Yes I have followed the configuration where the whole internet goes
through a proxy, when faced with a problem like this can you
imagine how many programmes and apps are there? If I have to tweak
each and everyone of them by hand and how many clients I have and so on
So I can spend the rest of my life fixing things.
Anyway thanks for your reply
Regards
Adam
----- Original Message ----- From: "Jakob Curdes" <jc@xxxxxxxxxxxxxxx>
To: "Adam@Gmail" <adbasque@xxxxxxxxxxxxxx>
Cc: <squid-users@xxxxxxxxxxxxxxx>
Sent: Monday, March 29, 2010 7:00 PM
Subject: Re: Apt-get Issue through squid
Adam@Gmail schrieb:
Hello Everybody!
I have a question if you don't mind or if anyone has a solution to this
I am trying to download some packages with apt-get on one of my
Ubuntu clients
All of the links fail, which means they are blocked by Squid, When I
try the same thing
on the Squid machine itself which is also the router I get all the
updates
Please do not jump to assumptions without having checked the facts.

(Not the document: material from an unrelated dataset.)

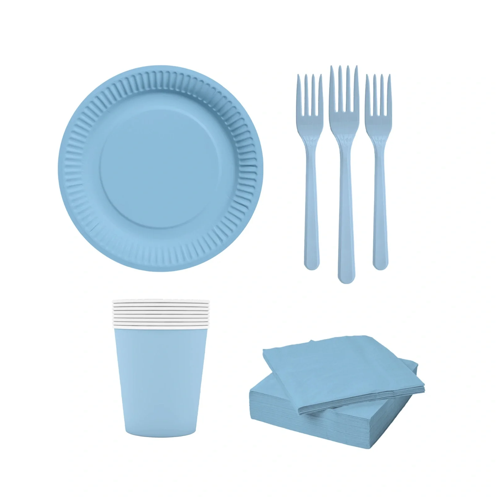 Pastel mavi tonuyla hazırlanan bu tek kullanımlık sofra seti, bebek mevlüdü, doğum günü, baby shower ve pembe konseptli ikram masaları için eksiksiz ve pratik bir çözüm sunar. Şık görünümüyle masanızı tek adımda kutlamaya hazır hale getirir.

"All of the links fail, which means they are blocked by Squid" is the
least likely cause.
You can verify that easily by looking at the squid access log,
without going the deviation via the mailing list.
MY assumption is:
- The firewall on the router allows direct internet access
- so it is clear that apt-get on the firewall can get the updates
[without using squid at all]
- apt-get, being a unix-style command line tool, does not know or
respect the browser settings for proxies
- you did not set a http_proxy/ftp_proxy variable in the shell
calling apt-get nor did you configure a proxy in apt.conf
- As you do not allow direct internet access (or maybe even do not
have a gateway set on the client, which would be perfectly OK),
apt-get tries to resolve the name (may succeed depending on setup) an
then tries to download from the origin server
(which you prohibit, so it fails also).
It is very unlikely with any squid configuration near the defaults
(eg. without authentication or complex header manipulation)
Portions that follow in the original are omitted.